Forty Thousand in Gehenna
- First edition
- Author: C. J. Cherryh
- Cover artist: Phil Parks
- Language: English
- Genre: Science fiction
- Published: October 1983 (Phantasia Press)
- Publication place: United States
- Pages: 316
- ISBN: 0-932096-26-3
- OCLC: 10025923

= Forty Thousand in Gehenna =

1983 science fiction novel by C. J. Cherryh

Forty Thousand in Gehenna, alternately 40,000 in Gehenna, is a 1983 science fiction novel by American writer C. J. Cherryh. It is set in her Alliance-Union universe between 2354 and 2658, and is one of the few works in that universe to portray the Union side; other exceptions include Cyteen (1988) and Regenesis (2009).

The book was first published in a limited hardcover edition in 1983 by Phantasia Press, followed by a mainstream paperback release in 1984 by DAW Books. It was nominated for the Locus Award for Best Science Fiction Novel in 1984. Forty Thousand in Gehenna was reprinted in 2008 along with Cherryh's novel Merchanter's Luck (1982) in an omnibus volume entitled Alliance Space.

==Plot summary==
A group of 42,363 Union humans and azi are dispatched to set up a base on a very rare habitable planet named Gehenna II in the Zeta Reticuli system. Unknown to the settlers, their mission is designed to fail; they are deliberately abandoned in order to create an unmanageable population for the rival Alliance which is expected to eventually take possession of the system.

The native calibans are first presented as annoying lizard-like creatures constantly moving earth to make incomprehensible patterns. The humans at first attempt to keep them outside a perimeter or to drive them away. In time, larger and larger calibans are seen, with differences in color, size, and a social structure (gray calibans are subservient to the larger brown calibans). It becomes clear that the creatures are capable of communication, at least at the level of symbology, and of developing empathic or possibly telepathic links to humans. Eventually a symbiosis develops, with some of the calibans pairing off with humans.

Over a period of several generations and cut off from resupply, the colonists lapse into a primitive lifestyle.
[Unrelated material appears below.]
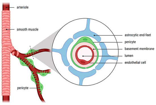 - Hall, C.N.; Reynell, C.; Gesslein, B.; Hamilton, N.B.; Mishra, A.; Sutherland, B.A.; O’Farrell, F.M.; Buchan, A.M.; Lauritzen, M.; Attwell, D. Capillary Pericytes Regulate Cerebral Blood Flow in Health and Disease. Nature 2014, 508, 55–60. [Google Scholar] [CrossRef] [PubMed]

By necessity, the azi are allowed to raise families. The non-azi humans are in the minority from the beginning and over time, intermarry with the majority. An Alliance mission first seeks to intervene, then withdraws from direct contact, content to watch as two quasi-feudal, fundamentally opposed societies develop, while a third, smaller group called the "Weirds" becomes much more closely associated with the calibans, living with them rather than the other humans and becoming less comprehensible in the process.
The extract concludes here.